STRIPPED SECURITIES IN THE DOMINICAN REPUBLIC (Part 1/3)

This week’s post is on “stripping” in the Dominican Republic. But don’t get too excited. Nobody will drop his or her trousers. I am referring to the segregation of coupons or dividend payments from securities. This practice is commonly called (bond, securities) “stripping”. The resulting financial products are often called “strips”. Stripping is one of the novel practices included in the new Securities Market Regulations (Reglamento del Mercado de Valores) in the Dominican Republic.

In this brief series of posts I will explain what stripped securities are. I will discuss the business side of striped securities using an example from a leading textbook. I will then review the legal underpinnings that might stifle this practice from emerging with complete legal certainty.

1. Stripped Securities.  

 The first paragraph of Article 345 of the new Securities Regulations defines securities stripping as the ability to segregate coupons or other ancillary economic rights from securities. Warrants, interests, dividend payments, are all examples of the economic rights that can be “stripped” from a main security and traded independently as new securities in their own right.

Securities and interests in securities (like bonds or stocks) are bundled economic rights. These baskets of economic rights include principal repayment, and very often, a right to perceive regular streams of interest payments (in the case of bonds and preferred shares) or dividends (when they exist), in the case of common shares. Not too long ago, these economic rights were contained in a written document or certificate. These certificates often had small coupons attached, which allowed the proprietor of the security to demand payment of the corresponding economic rights whenever they were due.

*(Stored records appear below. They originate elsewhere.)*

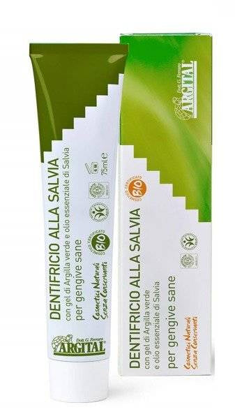 Argital Naturalna pasta do zębów z szałwią na zdrowe dziąsła 75 ml zalecana jest do regularnego użytkowania przy codziennej higienie jamy ustnej, dla całej rodziny. Dzięki naturalnym składnikom i delikatnemu działaniu, nie alergizuje oraz nie wywołuje podrażnień.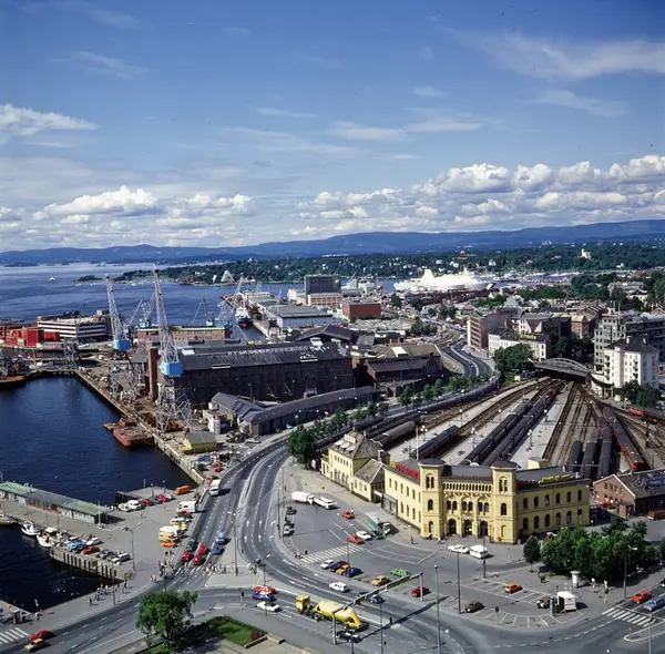 utsikt, veier, biler, Vestbanestasjonen, sporområde, Akers mek. Verksted., kraner, bygårder, kontorbyfninger, fjord, skip
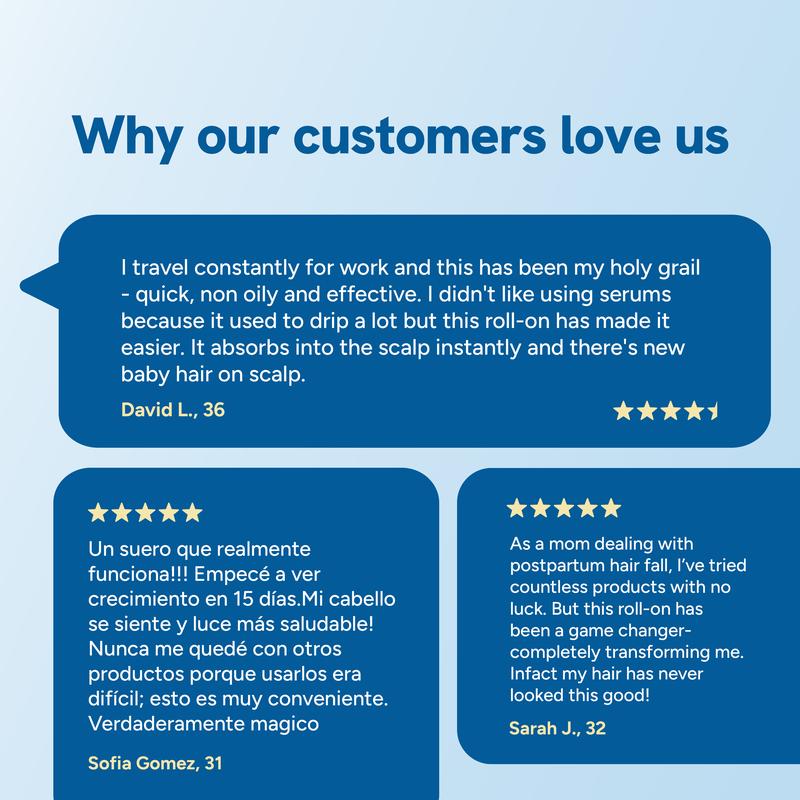 âThis is my second month using it, and I can already see the difference. I used to have a pretty wide part and could see my scalp in photos. Now, itâs definitely filling in. The best part? The roll-on is clean, quick, and doesnât leave any mess. Way better than sprays or oily serums. My wife even noticed new hairs near my crown last week.â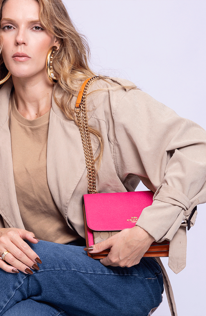 - Alça longa de ombro confeccionada em corrente e couro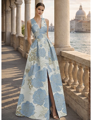 Linea ad A Lunghezza al pavimento Abito da Sera Da principessa Elegante Vintage Floreale Senza Maniche Scollo a V Matrimonio Formale Tasca Jacquard con Stampa floreale Pieghe Tasca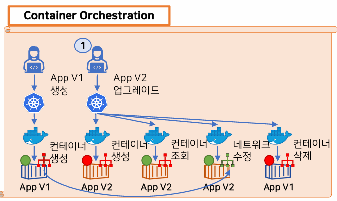 하지만, Kubernetes를 이용하면, 사용자는 단순히 K8s에 명령을 내리는 것으로 K8s가 컨테이너를 자동으로 관리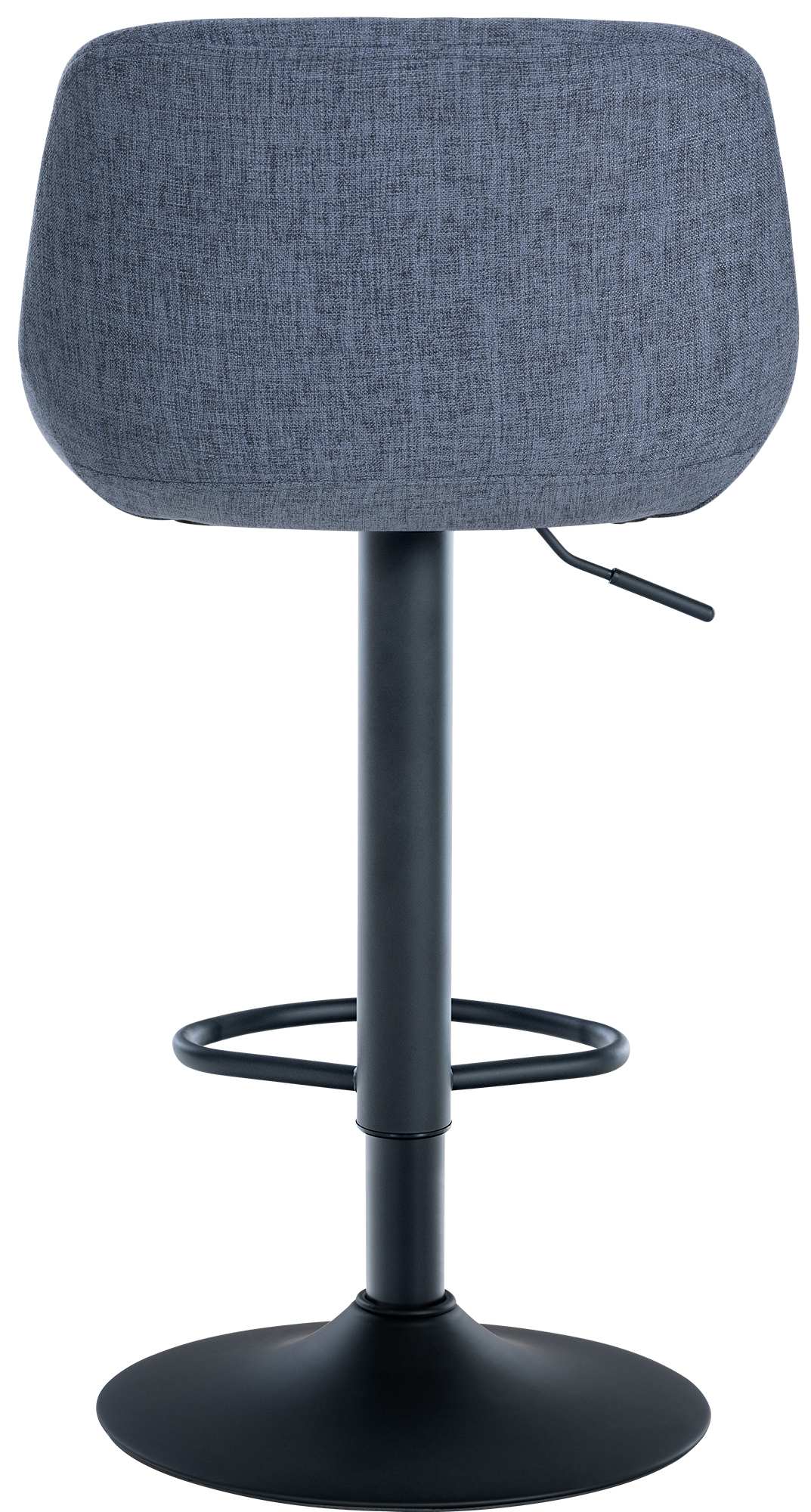 De trompetvormige voet van de barkruk kan 360° draaien en is voorzien van een voetsteun zodat je langere tijd comfortabel kunt zitten. Het metalen frame in zwart is in hoogte verstelbaar en zorgt voor een stabiele stand. Bovendien is het frame uitgerust met vloerbeschermers om krassen te voorkomen.
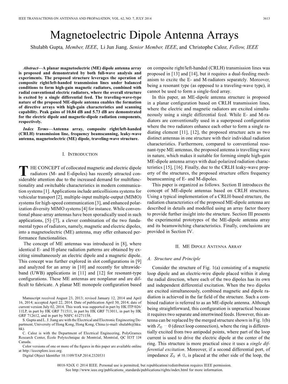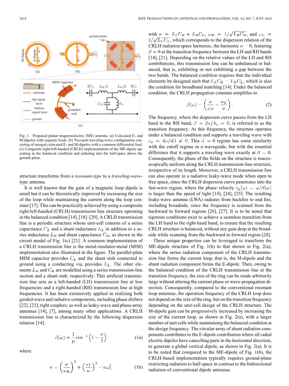 本文在基于CRLH传输线的平面配置提出了一个偶极子天线结构,其中电散热器兴奋同时使用唱同时和磁乐差分。虽然电子和散热器通常用于叠加的配置在两散热器互相加强,形成一个单一的类风湿性关节炎的饮食元素[11]、[12]、本文提出的结构作为一个结构和个体两个不同的天线的辐射特性。此外,相比传统的谐振型我的天线,该天线是波的性质,这使得它适合于形成简单的高增益我偶极天线阵列的双极化辐射特性[15],[16]。最后,由于CRLH的漏波结构,该结构提供了频率扫描E-偶极子和M-偶极子。

Looked at from a business perspective, each coupon or dividend payment could be considered as an independent right to payment against the issuer of the security. Soon enough, some owners of securities sought to assign these coupons or pledge them for a different number of reasons: including temporary liquidity needs or simply because of business opportunities. The possibility of segregating coupons from the security allowed owners to tap into credit without necessarily assigning or trading the security.  However, because the coupons were associated with a main security and were mostly in paper form, their independent assignability was impaired.